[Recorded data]
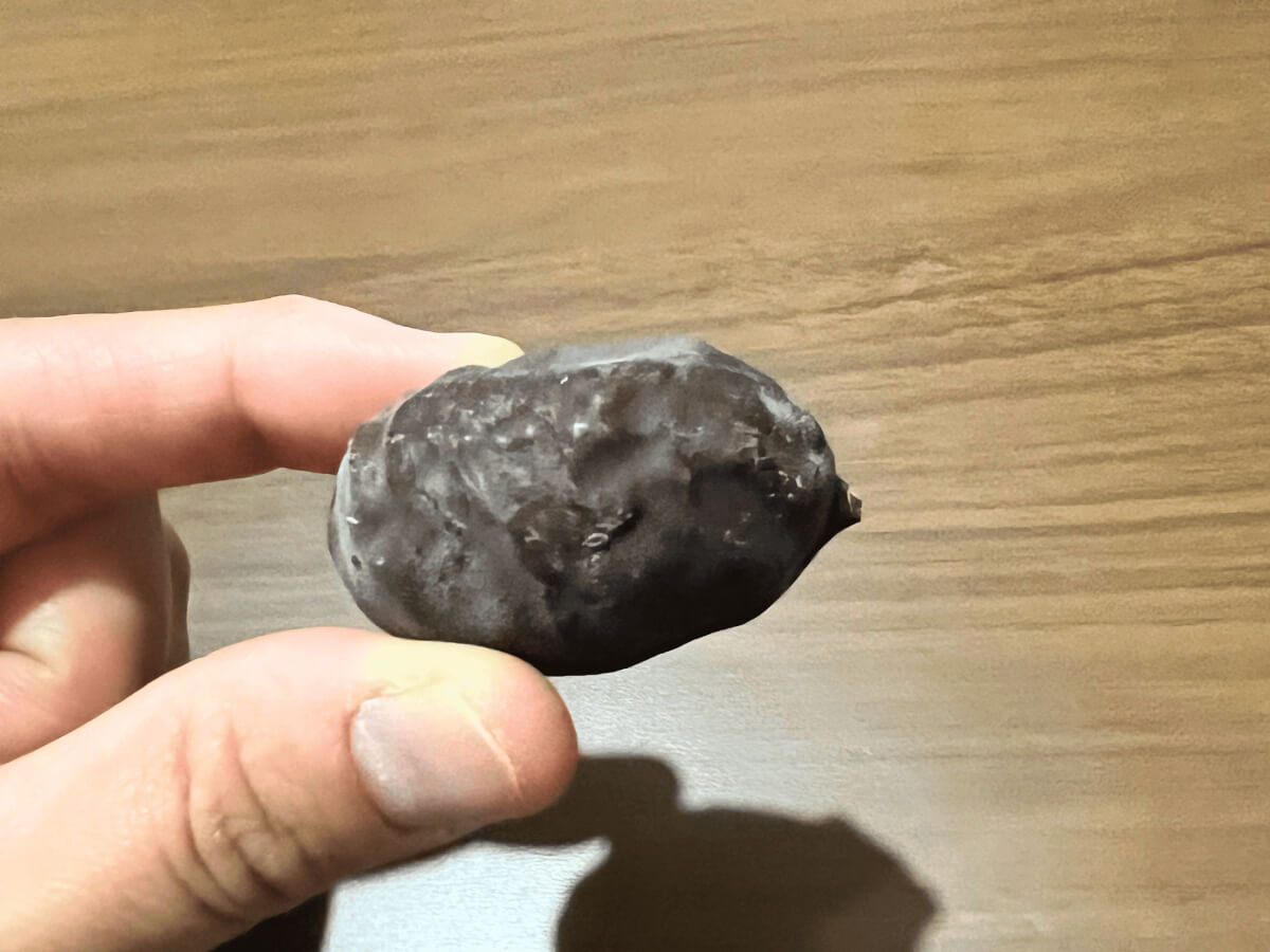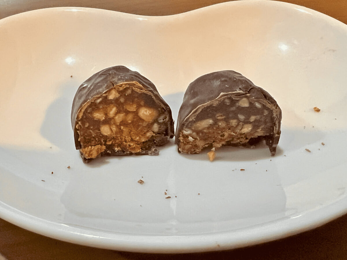 ペースト状にしたデーツにオレンジピールやナッツを加え、それをチョコレートでコーティングしたスイーツ。 手に取ると重さがあり、ぎっちり濃厚感が手から伝わってきます。
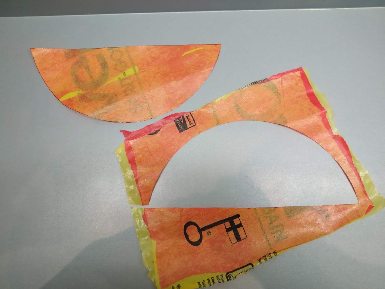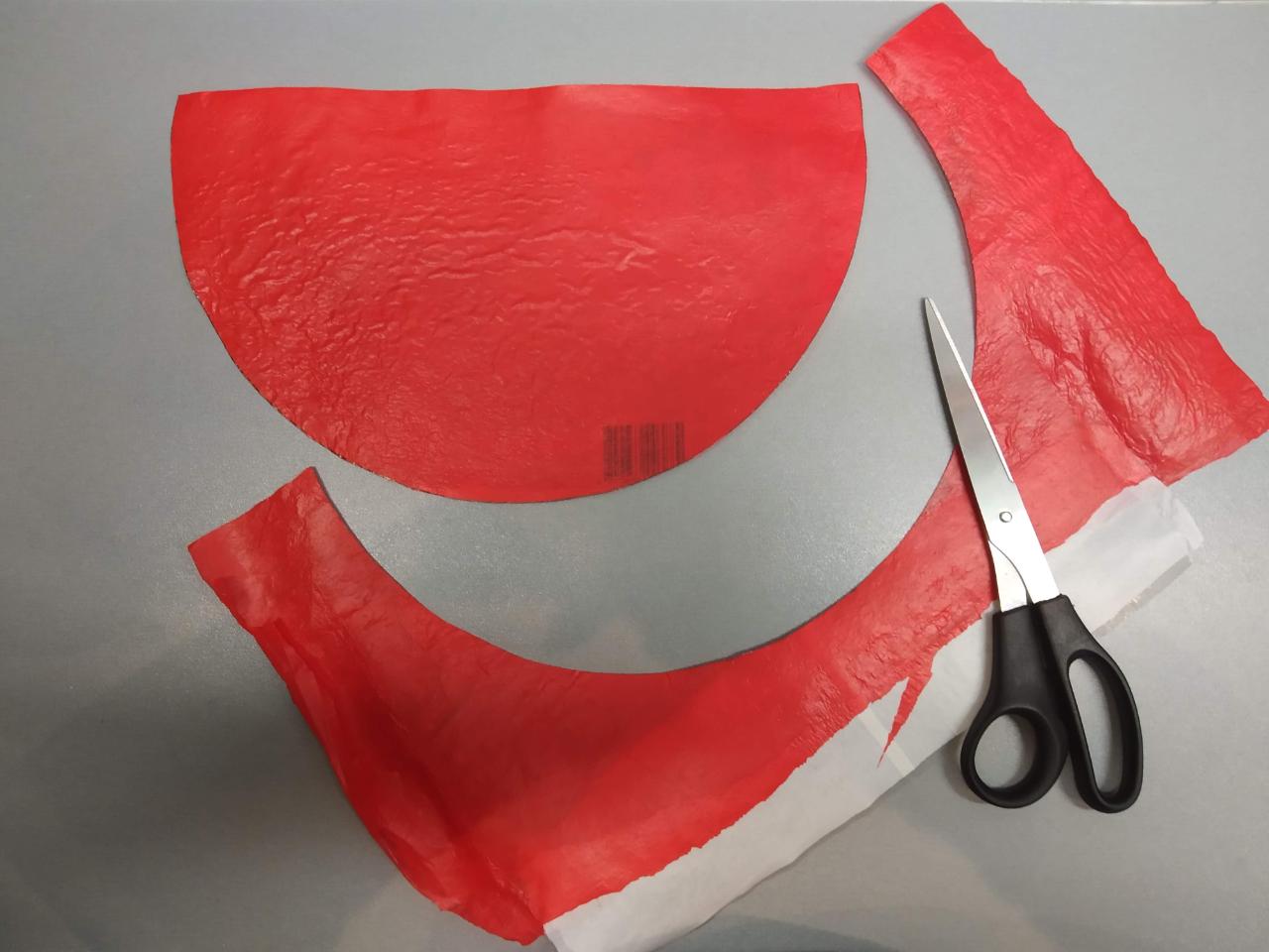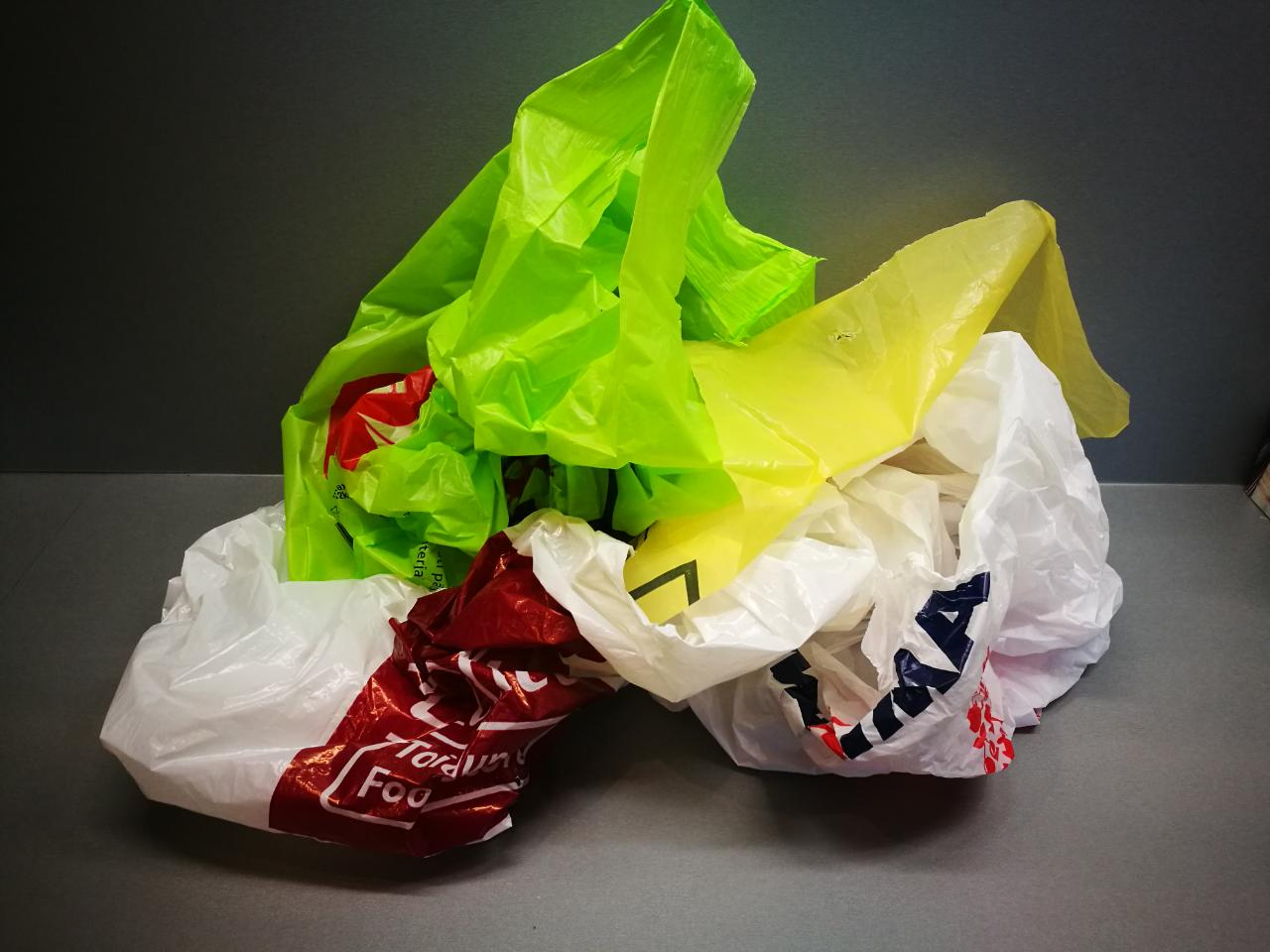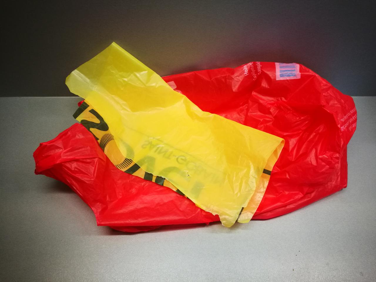 In this project we will used LDPE (Light Density Poly Ethylene) - number 4 in the material type symbol. Hence, we will use a red and a yellow bags, shown in the photos.
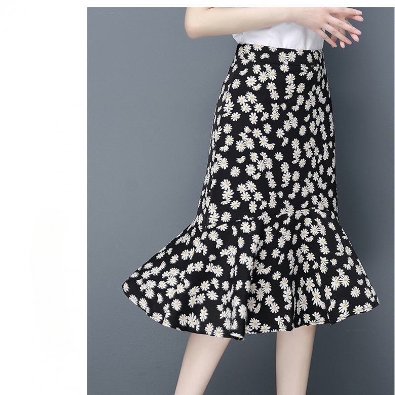• 프리스타일 피쉬테일 스커트 블랙 데이지 (안감 없음, 불투명)
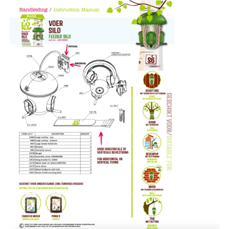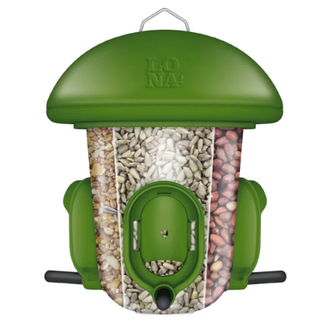 LONA S6 est un silo d’alimentation pour oiseaux avec 3 entrées d’alimentation et 3 compartiments séparés. Cela permet de mettre 3 types d’alimentation différents en même temps.
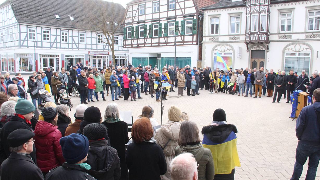 Mehr als 250 Menschen kommen auf dem Marktplatz in Brakel zusammen, um ihre Solidarität mit der Ukraine zu demonstrieren.
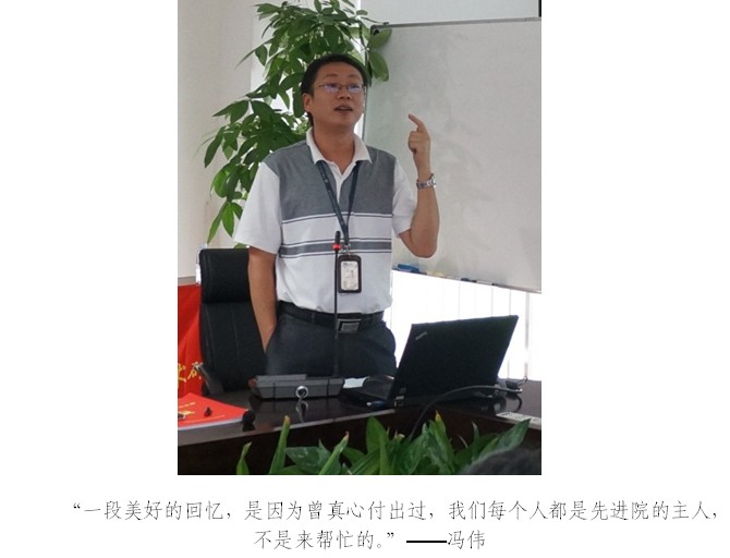 8月日下午,先进院管理二支部邀请科研处马炘处长及人教处冯伟处长为全体党员、员工开展一场别开生面的演讲。两位处长从个人成长轨迹出发,结合先进院的发展历程,利用实例分享了这些年来的得失与变化。从不同角度叙述了如何与先进院结缘,如何从科研岗位走向了管理,在其中遇到困难时如何抉择,为坚定信念与先进院并肩作战,笃定坚守这份事业值得奋斗终身。他们的报告带给党员、员工在工作、生活和个人成长以深刻的启发。
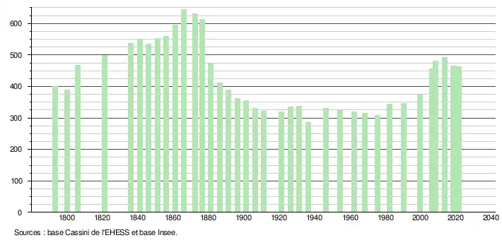 L'évolution du nombre d'habitants est connue à travers les recensements de la population effectués dans la commune depuis 1793. Pour les communes de moins de 10 000 habitants, une enquête de recensement portant sur toute la population est réalisée tous les cinq ans, les populations légales des années intermédiaires étant quant à elles estimées par interpolation ou extrapolation[20]. Pour la commune, le premier recensement exhaustif entrant dans le cadre du nouveau dispositif a été réalisé en 2008[21].
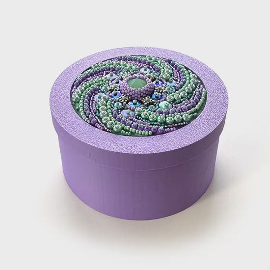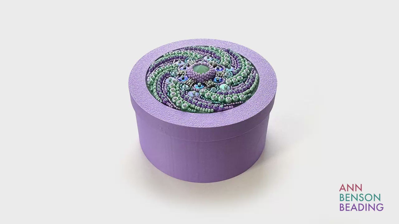 No finishing required for this 3D box with a friction fit lid insert that holds your project securely in place. The kit includes the box itself (choose from three colors), the design in color on non-woven stitching base, all the beads and stones, thread, needle, complete directions for stitching and inserting the finished project into the box. View our YouTube video for easy assembly or watch the video below.
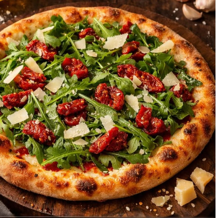 Molho especial da casa, mussarela, rúcula, tomate seco e orégano.
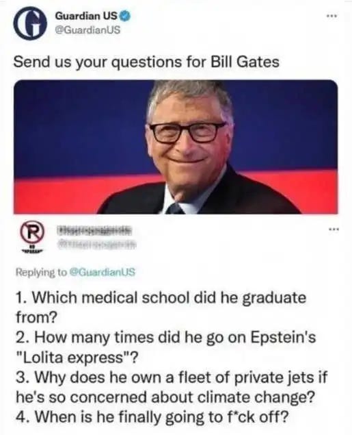 Medical expert Bill Gates tests positive for COVID (cue the standard vaccine talking point), maybe he can self isolate on Epstein's island, so many coincidences and more memes!
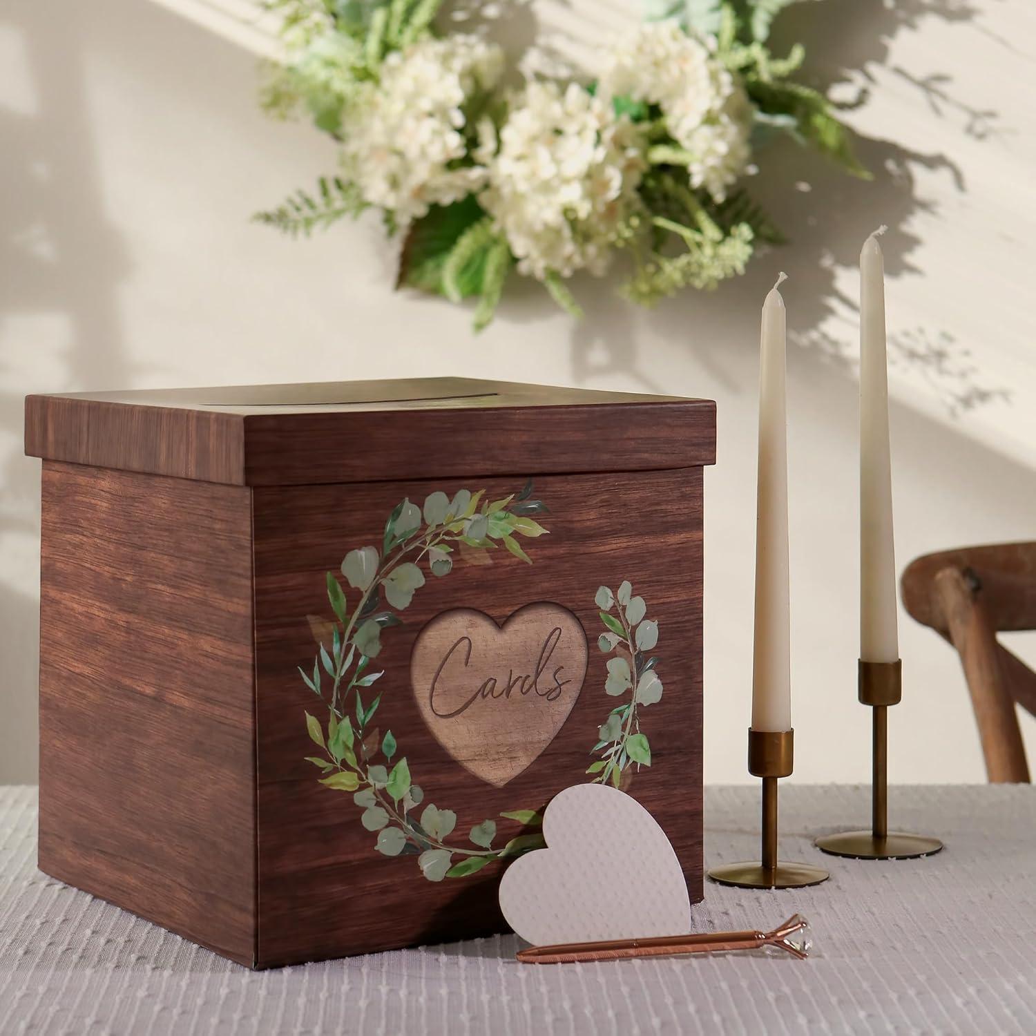 Kate Aspen Rustic Burlap & Lace Gift / Wedding Card Box, Money Box, Farmhouse Wedding Decorations For Reception – Also Perfect for Boho Baby Showers, Birthdays, Graduation(Brown Rustic Wood)

Activity: Copy only what lies between the line with "Mehr als 250" and the line with "8月日下午,先进院管理二支部", those two lines included, exactly as given above; pictures stay out.

Response to the task:
 Mehr als 250 Menschen kommen auf dem Marktplatz in Brakel zusammen, um ihre Solidarität mit der Ukraine zu demonstrieren.
 8月日下午,先进院管理二支部邀请科研处马炘处长及人教处冯伟处长为全体党员、员工开展一场别开生面的演讲。两位处长从个人成长轨迹出发,结合先进院的发展历程,利用实例分享了这些年来的得失与变化。从不同角度叙述了如何与先进院结缘,如何从科研岗位走向了管理,在其中遇到困难时如何抉择,为坚定信念与先进院并肩作战,笃定坚守这份事业值得奋斗终身。他们的报告带给党员、员工在工作、生活和个人成长以深刻的启发。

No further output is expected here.